Test rides with human passengers were started in November 2020 at the somewhat modest speed of 172 kms — and there was much satisfaction that one of the first passengers in the testing was a Pune-origin power electronics engineer on the company’s team, Tanay Manjrekar.
Even then, the company said commercial realisation was about 10 years away. By this time the ownership of Virgin Hyperloop had undergone another change — it was now owned by the Dubai, UAE-based DP World, which had bought 76 per cent of the original company.
Little was heard of Virgin Hyperloop until a surprise announcement in March this year that the company would no longer work on a human transportation system, but would instead tweak its system to carry cargo alone.
The owners blamed global supply chain issues and Covid for the change in direction. This was the first inkling of bad news for the various Indian entities who had signed up to be global pioneers in offering Hyperloop passenger transport. More bad news came last week.
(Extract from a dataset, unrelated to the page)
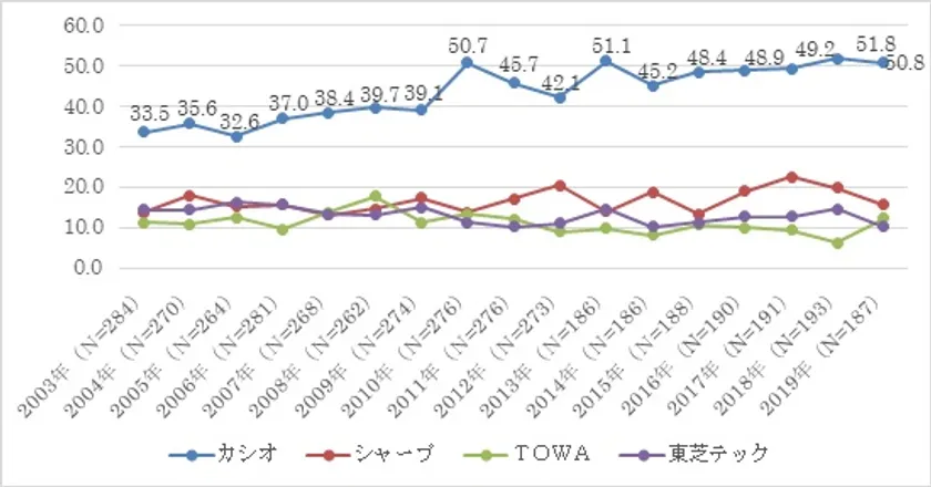 単独利用の電子レジスターは調査を開始した2003年以来、「カシオ」が17年連続でトップを維持しています。

The original 1.6 km test track and tunnel of Hyperloop at the headquarters of SpaceX (the Elon Musk-owned company which had first mooted the idea of superfast travel in a pod), was seen to have been ripped out and is reportedly being repurposed as a parking space for employees.
To add more finality to Hyperloop’s end as it was first conceived, sharp-eyed watchers of its Twitter and LinkedIn accounts noticed that Virgin had removed its name from the venture over the weekend and reverted it to the original HyperloopOne.
Maybe not.
Indian Hyperloop Efforts
In parallel with the development with Virgin Hyperloop, a few efforts were on to design and build an indigenous Hyperloop system.
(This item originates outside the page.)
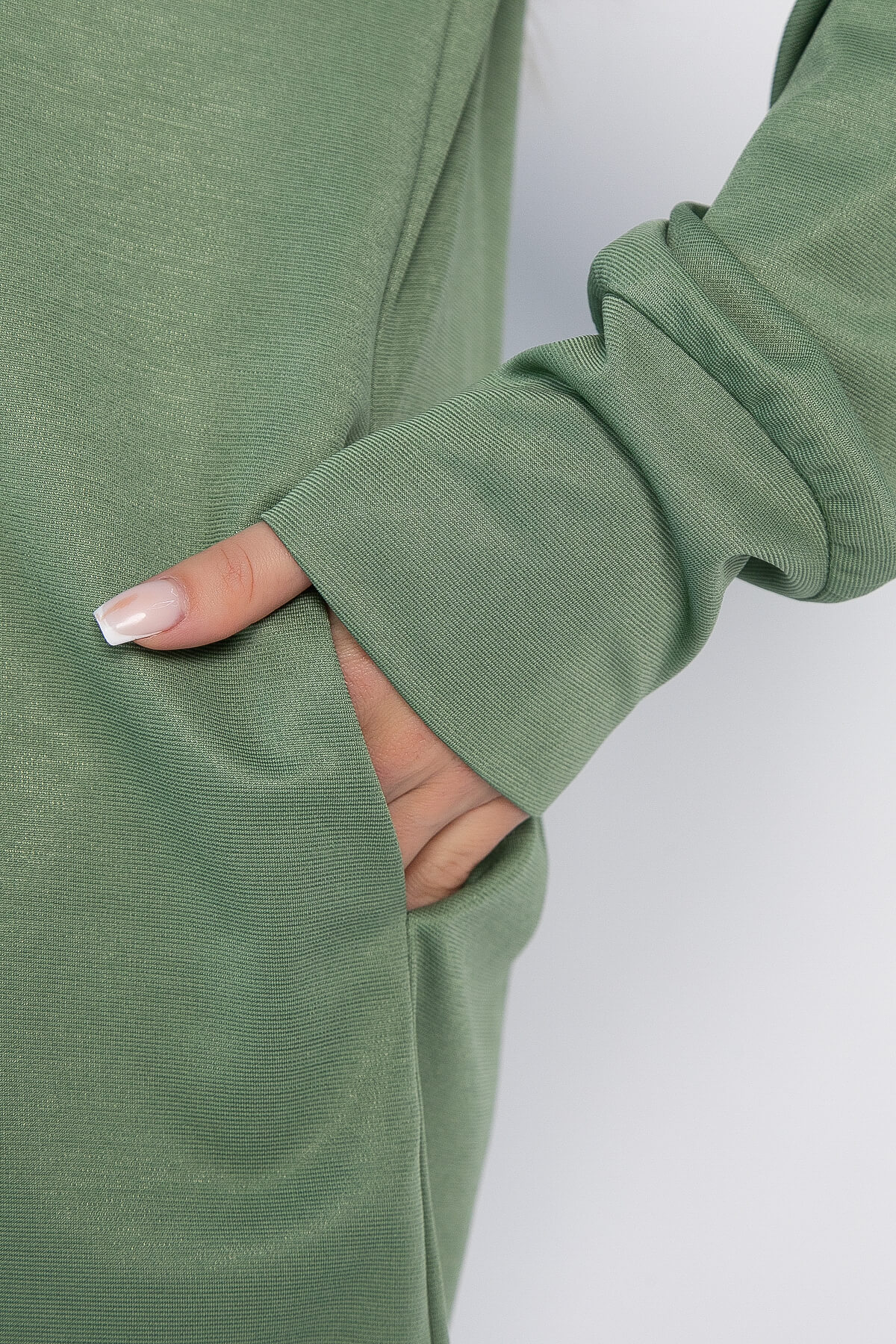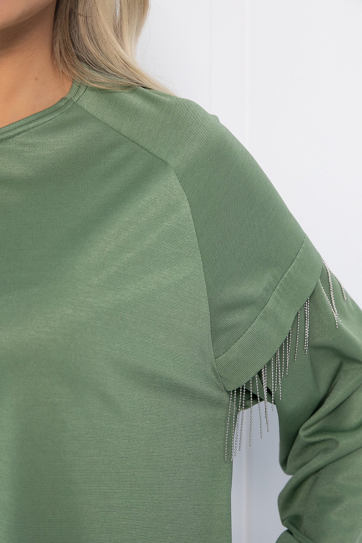 Трикотажное платье свободного кроя в оливковом оттенке — это отличный выбор для создания стильного и комфортного образа! Его отличительной чертой является эффектная металлическая бахрома, которая придаёт ему оригинальности. Модель оснащена удобными боковыми карманами. Элегантные рукава с высокой манжетой не только добавляют образу изысканности, но и защищают от холода.

Since 2017, the Centre of Innovation of IIT Madras has housed Avishkar Hyperloop, a 70-80-strong student project that has been steadily working to construct and test a prototype hyperloop vehicle.
Their design pod has already gone through five iterations and in 2019, when SpaceX hosted a global hyperloop pod competition, the IIT-M team was the only representative from Asia.
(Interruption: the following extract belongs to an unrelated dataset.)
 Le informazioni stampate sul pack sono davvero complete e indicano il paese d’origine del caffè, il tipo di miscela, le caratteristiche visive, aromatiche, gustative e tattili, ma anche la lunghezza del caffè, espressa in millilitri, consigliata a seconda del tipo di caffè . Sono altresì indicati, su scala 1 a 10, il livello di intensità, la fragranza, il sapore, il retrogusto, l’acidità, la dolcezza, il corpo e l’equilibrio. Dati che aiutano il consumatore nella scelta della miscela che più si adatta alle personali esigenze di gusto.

In 2021, the team also competed in the European Hyperloop Week contest which was held virtually due to Covid, and won the award for “Most Scalable Pod Design”.
This is good news — and also a cautionary sign against excessive hype: scalability is important, since Avishkar is much smaller than a commercial-sized pod needs to be. But this also underlines the long development path that lies ahead of any such project…. 10 years is a conservative estimate.
There is also an implicit message in the abandoning of the Virgin Hyperloop passenger pod development that the safety issue of hurling humans at aircraft-like speeds is formidable. It might explain why the original developers have decided to concentrate on moving goods rather than people.
More importantly, the project is being supported by the Railways and the two have set up a joint mission to develop India’s own Hyperloop system. L&T Technology Services has come on board with technical guidance.
Another Indian effort in Hyperloop transportation is centred around the MIT World Peace University in Pune. Team VegaPod Hyperloop has 40 students on board. Indian Express reported that the team had achieved 75 KMPH on a 50-metre test track.
Will any of these academic initiatives make the difficult transition to a real and robust system that could send passengers in India, zooming on the ground, at near-aviation speeds?
It may be too early to say, but one thing is clear: the abandonment of passenger hyperloop travel by its largest proponent worldwide, is not necessarily the end of the road in India. Some green shoots with a desi DNA are already visible.